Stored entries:
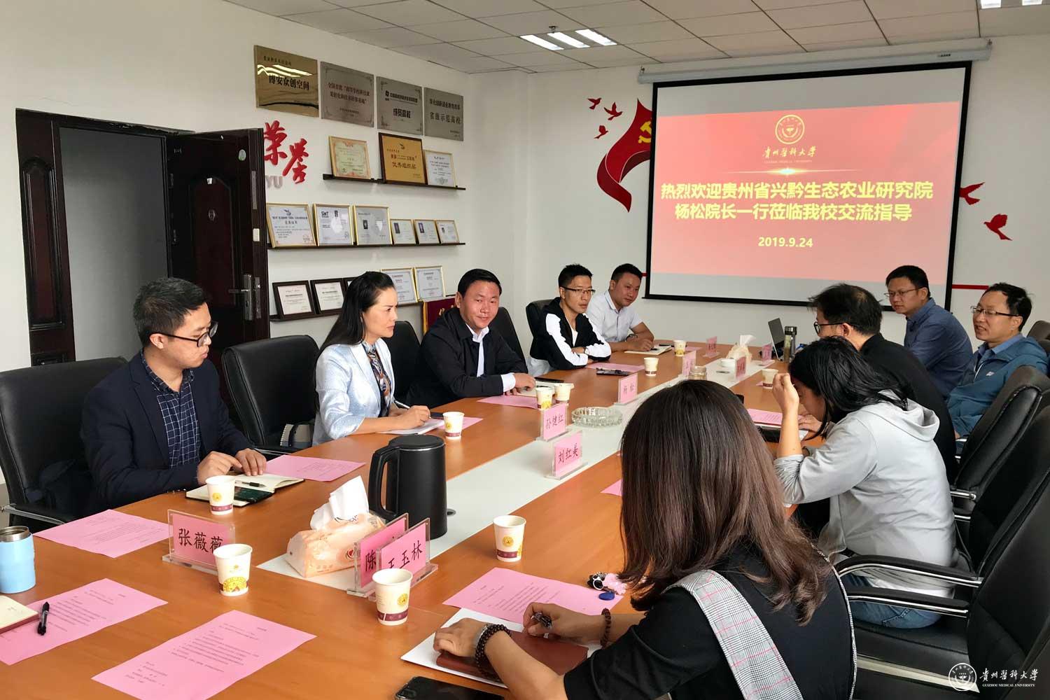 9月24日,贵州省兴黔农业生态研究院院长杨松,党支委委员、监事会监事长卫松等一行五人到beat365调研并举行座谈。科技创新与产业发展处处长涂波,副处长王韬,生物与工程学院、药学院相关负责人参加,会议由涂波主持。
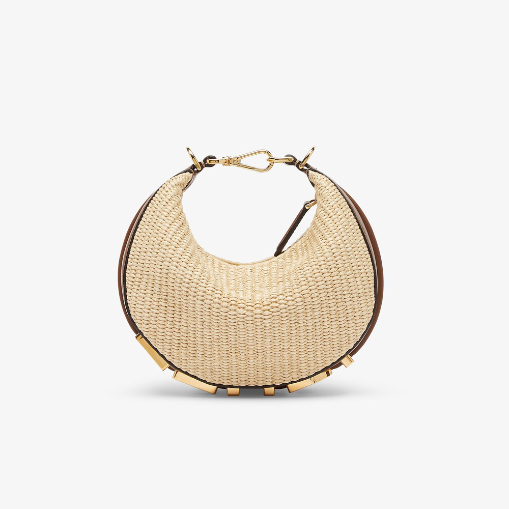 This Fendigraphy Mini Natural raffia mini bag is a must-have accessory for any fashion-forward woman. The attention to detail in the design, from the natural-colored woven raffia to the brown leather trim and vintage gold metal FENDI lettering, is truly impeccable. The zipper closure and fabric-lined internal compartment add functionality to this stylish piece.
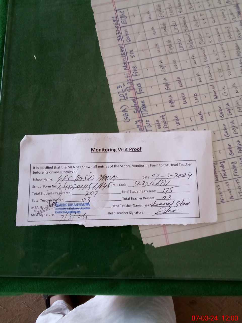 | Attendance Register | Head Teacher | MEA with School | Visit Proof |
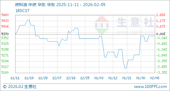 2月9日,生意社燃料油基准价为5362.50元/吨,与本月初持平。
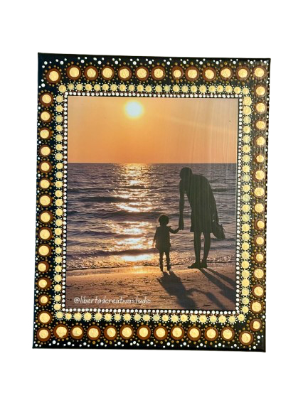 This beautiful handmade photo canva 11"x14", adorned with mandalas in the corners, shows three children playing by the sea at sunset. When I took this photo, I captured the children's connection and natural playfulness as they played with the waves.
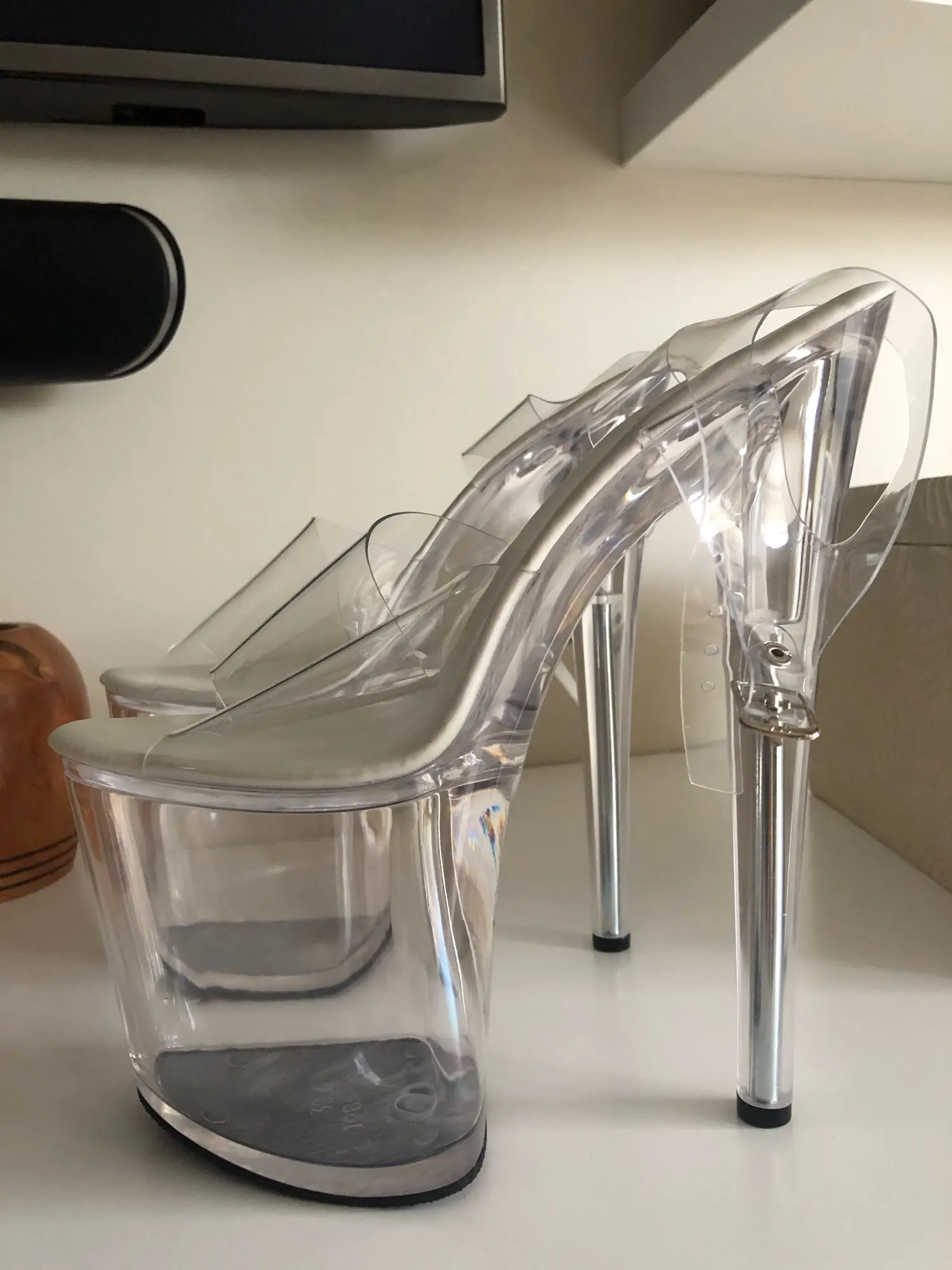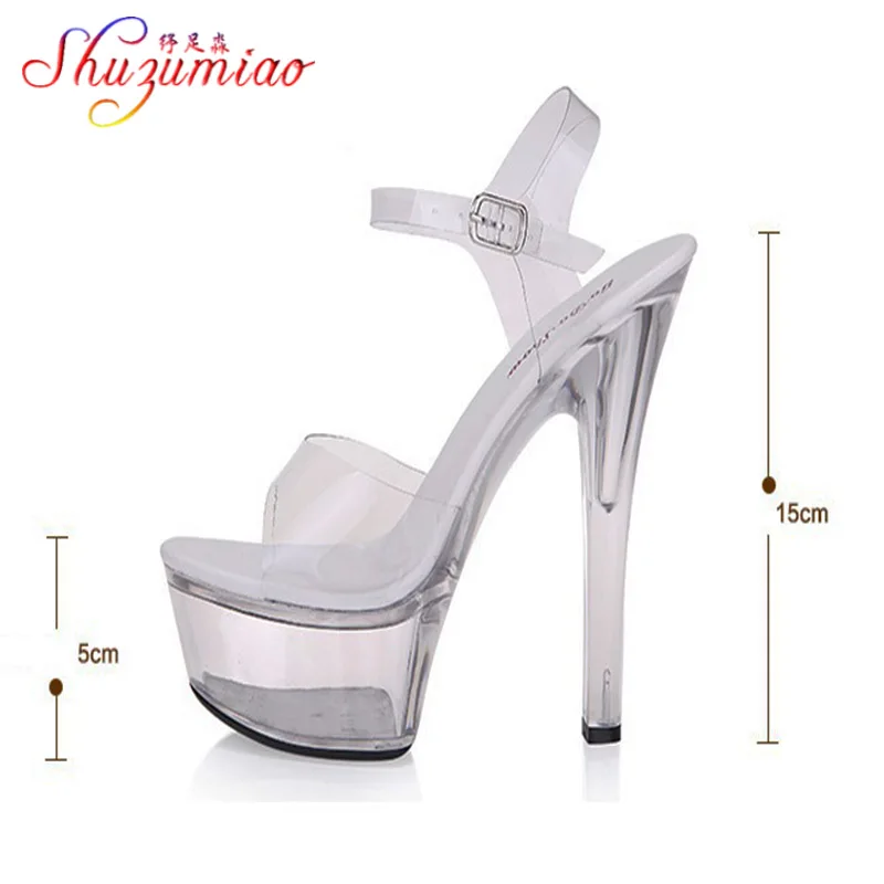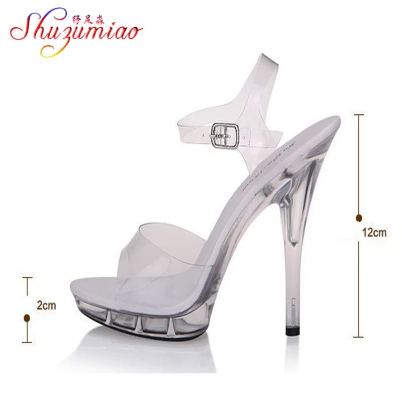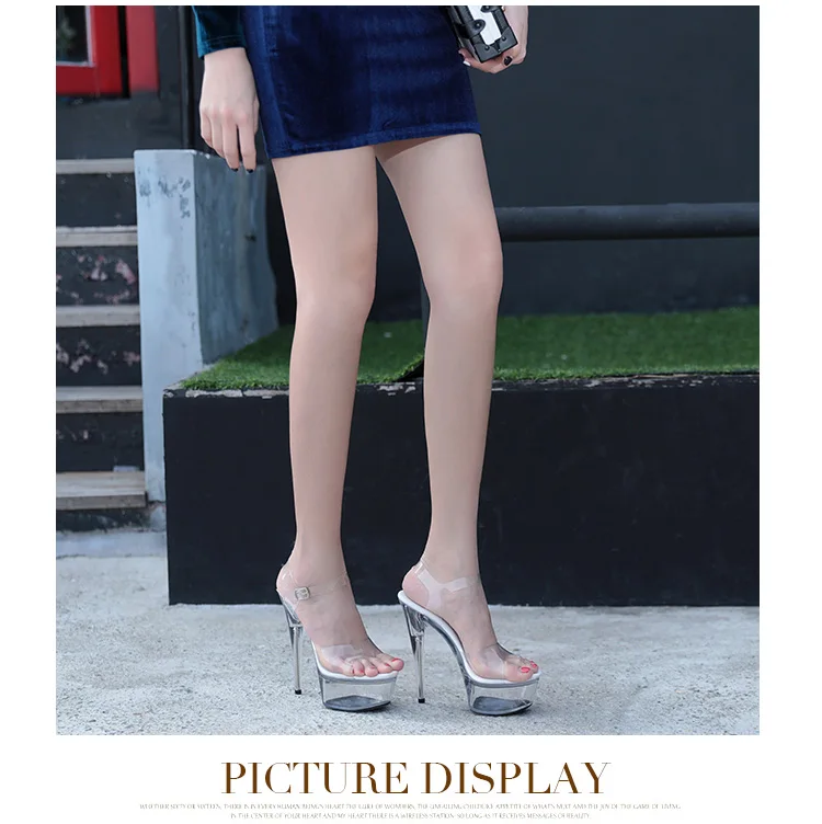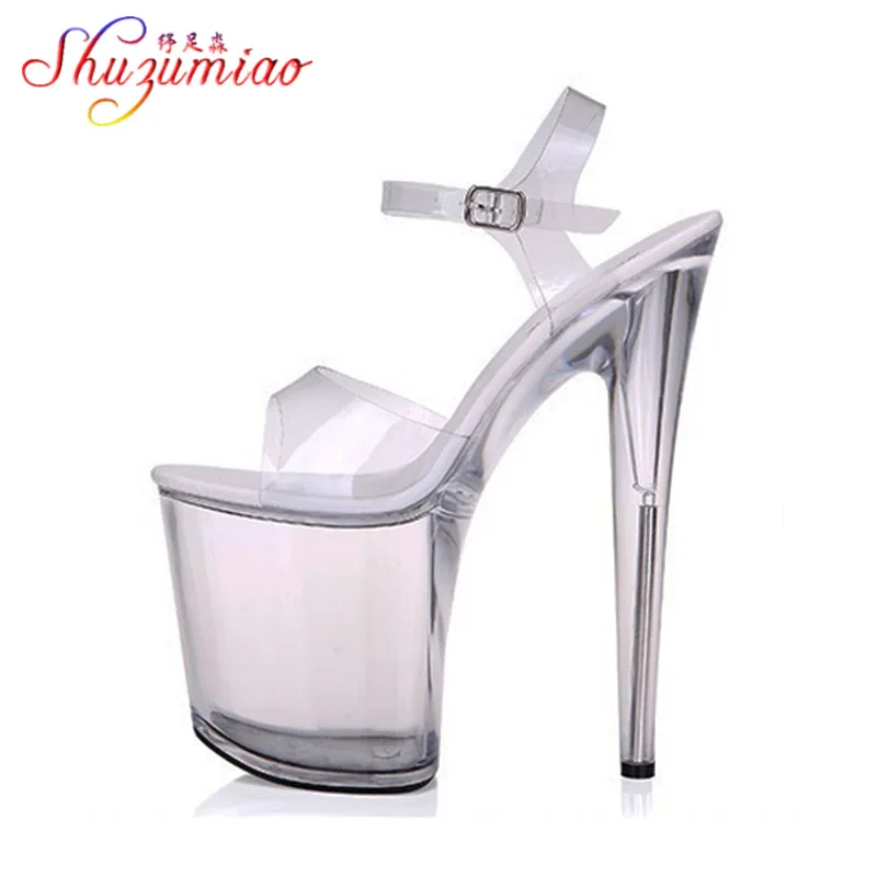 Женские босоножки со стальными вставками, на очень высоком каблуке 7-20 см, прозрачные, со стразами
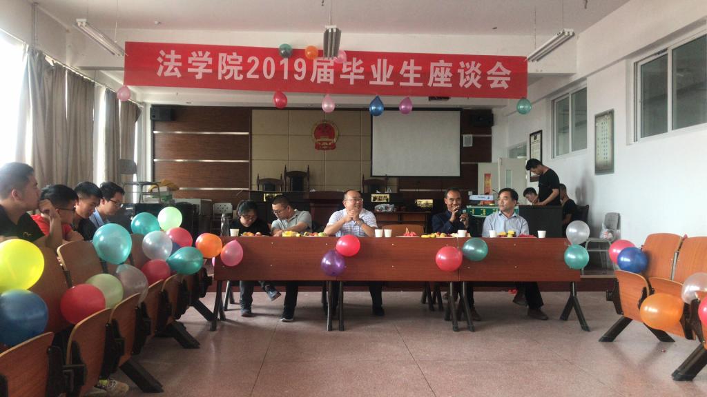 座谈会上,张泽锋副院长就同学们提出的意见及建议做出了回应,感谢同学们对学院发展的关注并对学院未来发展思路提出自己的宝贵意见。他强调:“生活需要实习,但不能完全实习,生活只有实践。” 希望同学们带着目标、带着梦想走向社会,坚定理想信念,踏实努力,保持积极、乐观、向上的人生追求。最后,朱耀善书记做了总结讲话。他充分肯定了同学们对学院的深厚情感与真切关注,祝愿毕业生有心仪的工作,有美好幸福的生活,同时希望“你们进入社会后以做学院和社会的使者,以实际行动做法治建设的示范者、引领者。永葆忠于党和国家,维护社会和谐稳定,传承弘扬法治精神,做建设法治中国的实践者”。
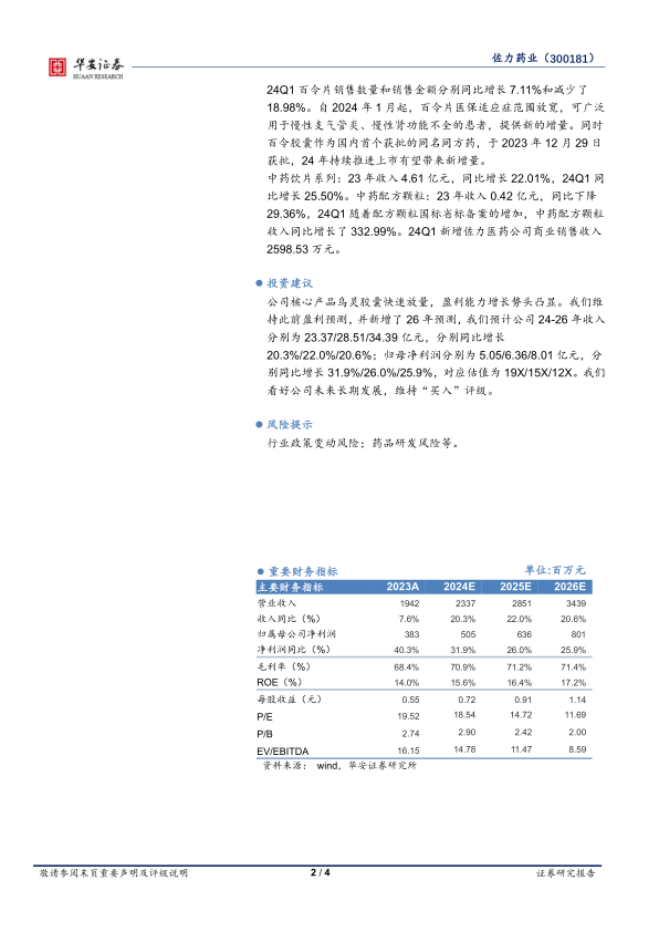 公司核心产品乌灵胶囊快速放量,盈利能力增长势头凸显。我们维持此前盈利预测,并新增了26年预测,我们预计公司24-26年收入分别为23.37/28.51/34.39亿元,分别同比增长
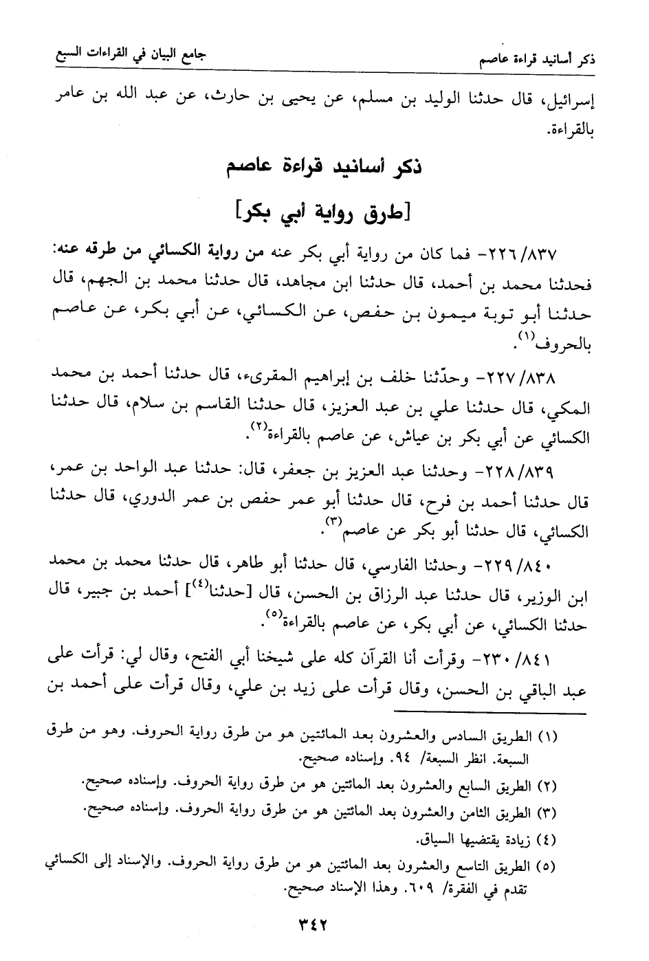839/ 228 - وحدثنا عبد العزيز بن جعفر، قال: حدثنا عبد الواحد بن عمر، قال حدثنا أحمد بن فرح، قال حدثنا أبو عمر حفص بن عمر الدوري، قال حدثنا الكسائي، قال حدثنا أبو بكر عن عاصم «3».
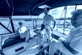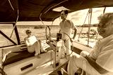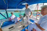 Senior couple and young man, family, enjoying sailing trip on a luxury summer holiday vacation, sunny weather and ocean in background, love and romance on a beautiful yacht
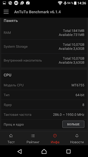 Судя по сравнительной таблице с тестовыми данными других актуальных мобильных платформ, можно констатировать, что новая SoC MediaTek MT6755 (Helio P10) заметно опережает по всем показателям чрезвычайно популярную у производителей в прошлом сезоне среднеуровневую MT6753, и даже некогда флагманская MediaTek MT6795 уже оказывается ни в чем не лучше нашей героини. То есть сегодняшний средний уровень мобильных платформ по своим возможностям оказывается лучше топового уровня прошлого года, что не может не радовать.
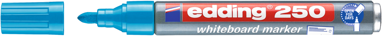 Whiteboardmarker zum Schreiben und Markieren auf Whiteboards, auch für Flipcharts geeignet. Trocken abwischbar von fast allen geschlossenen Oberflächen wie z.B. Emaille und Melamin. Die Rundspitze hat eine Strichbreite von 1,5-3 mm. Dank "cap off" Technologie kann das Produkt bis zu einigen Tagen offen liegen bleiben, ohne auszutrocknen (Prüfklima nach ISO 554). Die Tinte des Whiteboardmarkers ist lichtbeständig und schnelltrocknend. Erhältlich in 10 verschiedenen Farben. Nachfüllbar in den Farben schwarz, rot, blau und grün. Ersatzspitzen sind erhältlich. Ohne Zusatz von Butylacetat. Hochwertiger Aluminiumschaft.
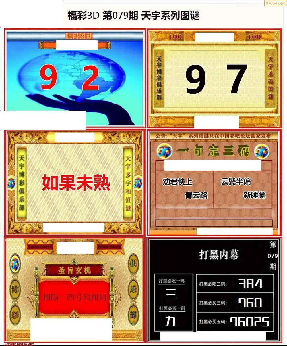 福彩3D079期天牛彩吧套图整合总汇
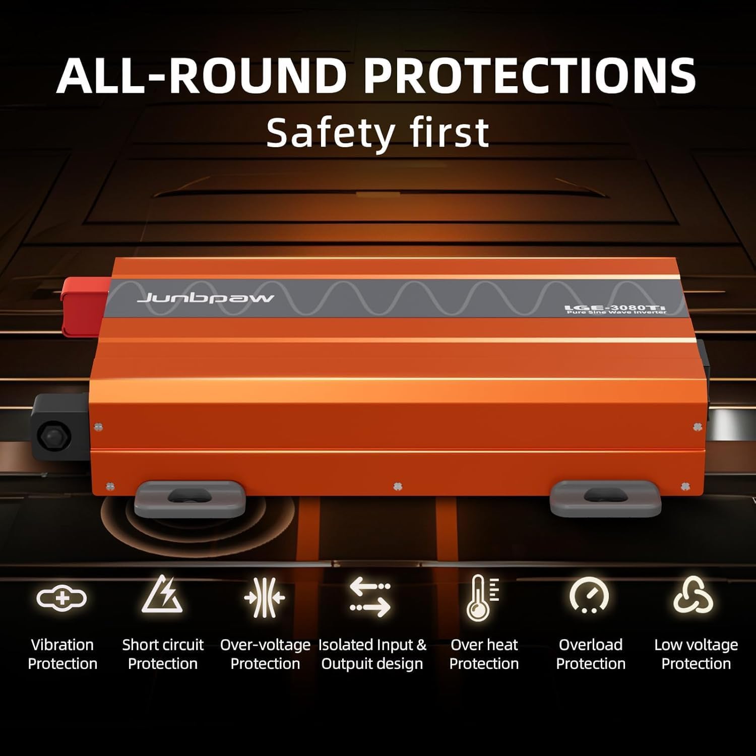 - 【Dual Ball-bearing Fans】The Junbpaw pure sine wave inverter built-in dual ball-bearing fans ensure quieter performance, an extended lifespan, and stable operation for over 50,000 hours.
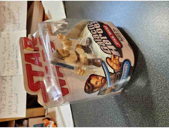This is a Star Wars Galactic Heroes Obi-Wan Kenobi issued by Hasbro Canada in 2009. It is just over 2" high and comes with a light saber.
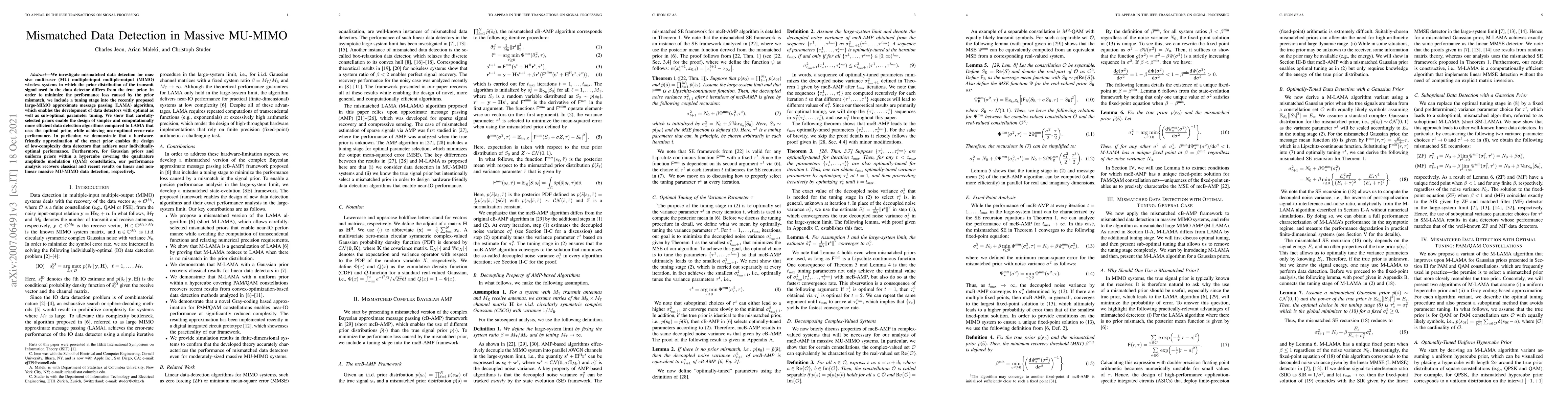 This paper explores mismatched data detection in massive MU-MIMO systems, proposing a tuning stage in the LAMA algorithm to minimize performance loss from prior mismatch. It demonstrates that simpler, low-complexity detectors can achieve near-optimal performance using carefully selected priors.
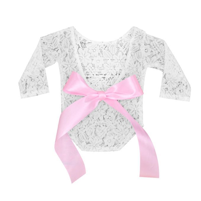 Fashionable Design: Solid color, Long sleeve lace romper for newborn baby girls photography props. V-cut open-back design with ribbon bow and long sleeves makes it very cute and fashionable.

**EXERCISE:** Copy exactly, without pictures, the lines above from the one with "Senior couple and" down to the one with "Судя по сравнительной", inclusive.

**RESPONSE AREA:**
 Senior couple and young man, family, enjoying sailing trip on a luxury summer holiday vacation, sunny weather and ocean in background, love and romance on a beautiful yacht
 Судя по сравнительной таблице с тестовыми данными других актуальных мобильных платформ, можно констатировать, что новая SoC MediaTek MT6755 (Helio P10) заметно опережает по всем показателям чрезвычайно популярную у производителей в прошлом сезоне среднеуровневую MT6753, и даже некогда флагманская MediaTek MT6795 уже оказывается ни в чем не лучше нашей героини. То есть сегодняшний средний уровень мобильных платформ по своим возможностям оказывается лучше топового уровня прошлого года, что не может не радовать.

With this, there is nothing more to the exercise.